Search code examples
postgresqlsql-deletepostgresql-9.5postgresql-performance

How to get Postgresql total cost time from explain


I have an sql query on postgresql 9.5, but it takes too long time. And I run the explain query:

DELETE FROM source v1
    WHERE id < (SELECT MAX(id)
            FROM source v2
            WHERE v2.ent_id = v1.ent_id
            AND v2.name = v1.name
        );      

And ex plain is

Delete on source v1  (cost=0.00..1764410287608.21 rows=2891175 width=6)');
  ->  Seq Scan on source v1  (cost=0.00..1764410287608.21 rows=2891175 width=6)');
        Filter: (id < (SubPlan 2))');
        SubPlan 2');
          ->  Result  (cost=203424.76..203424.77 rows=1 width=0)');
                InitPlan 1 (returns $2)');
                  ->  Limit  (cost=0.43..203424.76 rows=1 width=8)');
                        ->  Index Scan Backward using source_id_ix on source v2  (cost=0.43..813697.74 rows=4 width=8)');
                              Index Cond: (id IS NOT NULL)');
                              Filter: (((ent_id)::text = (v1.ent_id)::text) AND ((name)::text = (v1.name)::text))');

My table has about 8.000.000 records.
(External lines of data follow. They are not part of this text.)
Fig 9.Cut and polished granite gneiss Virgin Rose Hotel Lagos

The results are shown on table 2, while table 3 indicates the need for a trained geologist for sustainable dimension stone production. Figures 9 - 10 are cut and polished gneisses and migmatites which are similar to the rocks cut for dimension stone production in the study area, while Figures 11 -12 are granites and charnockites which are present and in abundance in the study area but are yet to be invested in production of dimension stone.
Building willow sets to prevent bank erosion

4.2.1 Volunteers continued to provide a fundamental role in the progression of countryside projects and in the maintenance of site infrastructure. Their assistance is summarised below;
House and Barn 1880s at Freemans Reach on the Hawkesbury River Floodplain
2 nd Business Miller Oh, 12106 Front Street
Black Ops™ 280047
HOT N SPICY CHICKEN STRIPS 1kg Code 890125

And I could not get the result for days. And I could not calculate how many times will take? is there any way for a new solution?


Solution

  • There is no really good way to predict execution time.

    As a very rough rule of thumb, you can compare a cost of 1 to the time of reading one 8 KB page from disk during a sequential scan, but that will often be off by more than an order of magnitude.
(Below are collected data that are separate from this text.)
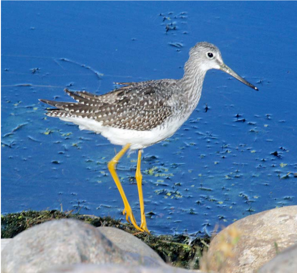
Greater Yellowlegs Moonshine Lake Provincial Park, AB

While I was dallying with a plant that turned out to be a common alien, Jim went on ahead and came upon a mixed flock of about twenty Greater and Lesser yellowlegs resting on the lake's shore bank. He said he was absolutely thrilled when the first bird on the bank not only allowed him to slowly walk to within twenty feet of it, but then it led the whole group slowly parading by right in front of him, one by one, even closer than twenty feet, allowing him to get fantastic photos. Each bird looked at him quizzically as it walked by, but showed no sign of fear--this despite the fact that the Canon 60D camera he was using at the time has a fairly loud shutter noise.
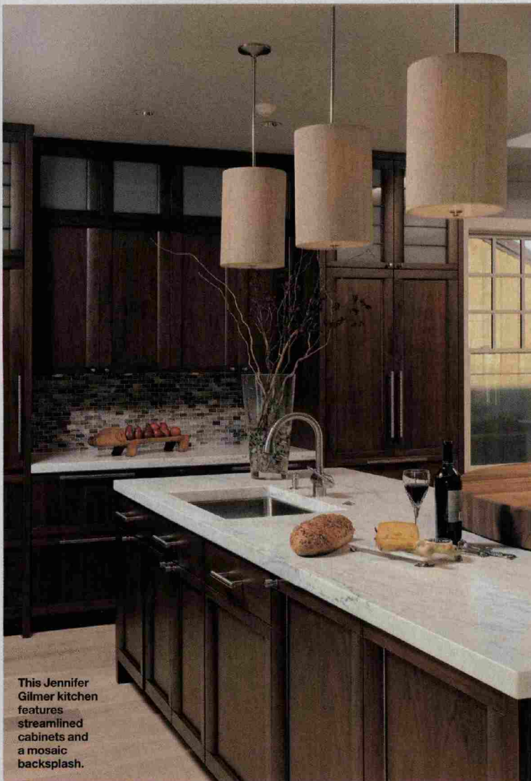
This Jennifer Gilmer kitchen features streamlined cabinets and a mosaic backsplash.

Here's what's hot for cabinets, paint colors, countertops, backsplashes, and more
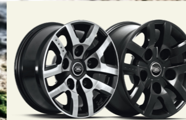
1948 DEFEND 8"x16" Diamond Cut - £1,050 (Set of 4) Satin Black - £950 (Set of 4)
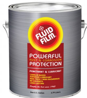
O044 Rust & Corrosion Preventive
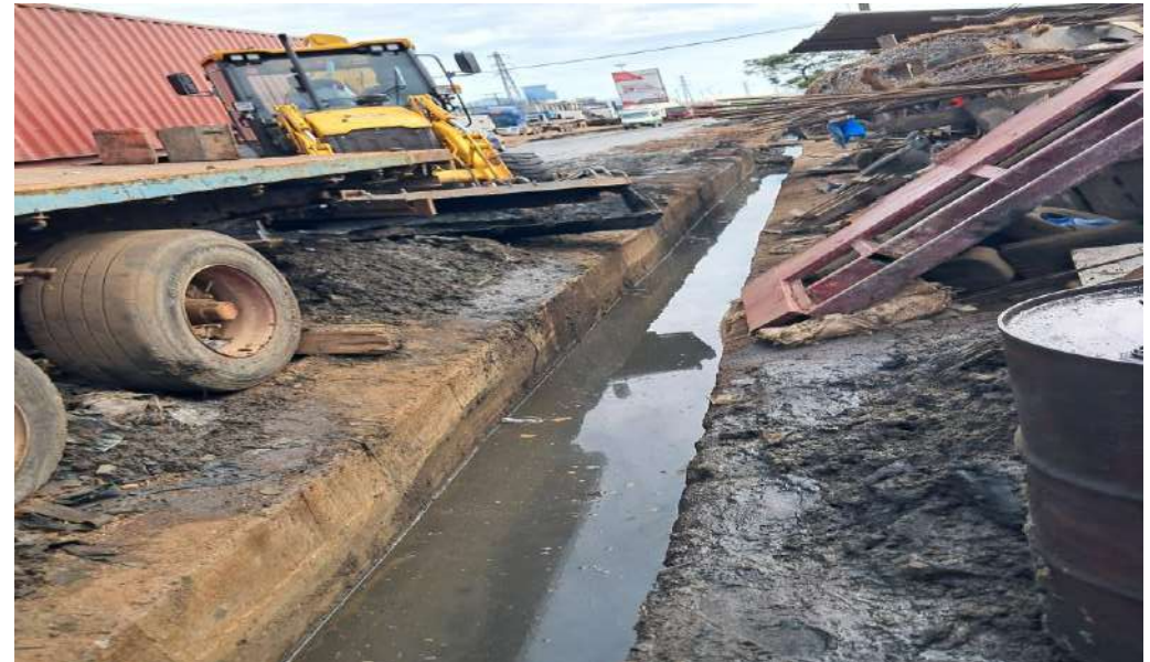
Desilting and dredging of drains from Yara Ghana to behind the Mexico School and inner drains at Community 2
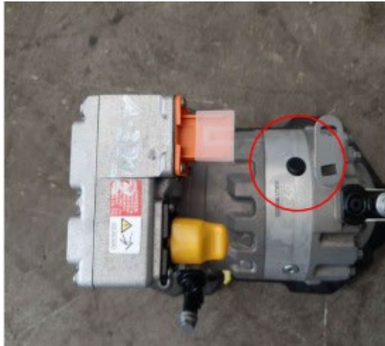
Figure 1. Pressure relief valve on the air conditioning compressor.
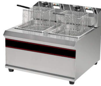
2-Tank 2-Basket Electric Fryer

Model: HEF-902 Dimension: 600x600x450mm Packing Size: 660x600x545mm Capacity: 16L Volts: 220V-240V/50-60Hz Power: 2.8+2.8KW N/W: 18Kg

    To solve the underlying problem, try

    DELETE FROM source AS v1
    WHERE EXISTS (SELECT 1
                  FROM source AS v2
                  WHERE (v1.ent_id, v1.name) = (v2.ent_id, v2.name)
                  AND v2.id > v1.id);
    

    The problem with your query is that it has to execute an expensive subselect for every row found, while mine can perform a semijoin. Look at my query's execution plan.